Jiang Xiaobai cerró la ventana y se acostó, pero los truenos de fuera se hicieron más intensos, uno tras otro, sin parar.

Quién sabe cuánto tiempo pasó, pero justo cuando Jiang Xiaobai estaba a punto de quedarse dormido, de repente oyó que llamaban a la puerta.

Al abrir la puerta, vio a Bai Hui’er, envuelta en un edredón, de pie fuera, con el rostro pálido.

—¿Qué pasa?

¿Te encuentras mal?

—preguntó Jiang Xiaobai.

Los labios de Bai Hui’er estaban morados y, con otro trueno, todo su cuerpo se sacudió como si la hubieran electrocutado.

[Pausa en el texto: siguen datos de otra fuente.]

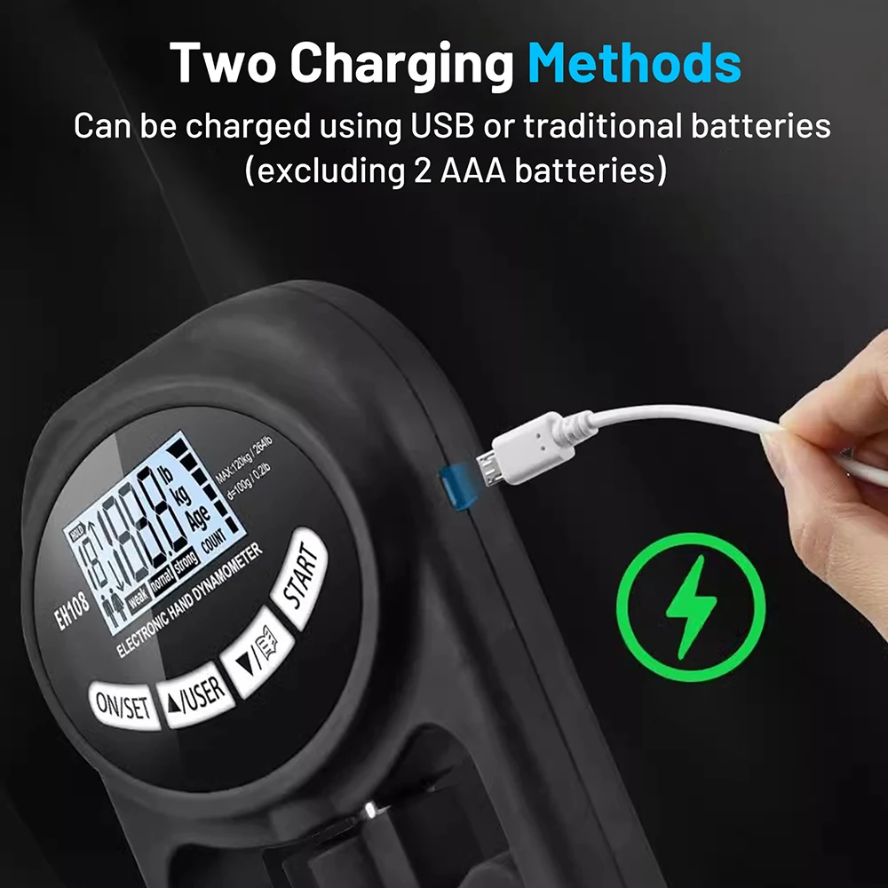 4. Screen display and USB charging: The newly improved screen function of the grip strength tester allows you to clearly see the readings even in dark environments. It can be charged with a USB cable, which is more environmentally friendly. You can also use standard AAA batteries (not included).

—¿Qué, te dan miedo los truenos?

Al ver su reacción, Jiang Xiaobai supuso que le tenía miedo a los truenos.

Bai Hui’er asintió.

—Me dan miedo los truenos desde que era pequeña.

Después de aprender sobre los truenos en física y entender lo que eran, me siguieron dando miedo.

Jiang… Jiang Xiaobai, ¿puedo compartir la cama contigo?

—No podría pedir más… —casi soltó Jiang Xiaobai sus verdaderos pensamientos, pero luego fingió ser reacio—.

Pequeña Hui, ¿es esto realmente apropiado?

—No pasa nada, creo que tu cama es bastante ancha —dijo Bai Hui’er.

—Entonces, entra —dijo Jiang Xiaobai, apartándose rápidamente.

Bai Hui’er arrojó el edredón sobre la cama y se deslizó bajo una esquina.

Solo cuando Jiang Xiaobai volvió a la cama se dio cuenta de que Bai Hui’er seguía temblando.

—¿Tienes auriculares?

—A Bai Hui’er le castañeteaban los dientes, haciendo un chasquido.

—Cuando estoy en la universidad, me pongo los auriculares y subo el volumen cada vez que hay truenos.

Si no los oigo, no tengo miedo.

—No tengo —dijo Jiang Xiaobai—.

¿Hay alguna otra forma?

—No, cuando estoy en casa, mi madre me abraza, pero ahora no está a mi lado —explicó Bai Hui’er.

—Pero yo estoy aquí, puedo abrazarte, quizá funcione —se ofreció Jiang Xiaobai con audacia.

—¡Ni hablar!

—A pesar de ser tímida, Bai Hui’er no era tonta, y desde luego no hasta el punto de acurrucarse imprudentemente en los brazos de un hombre.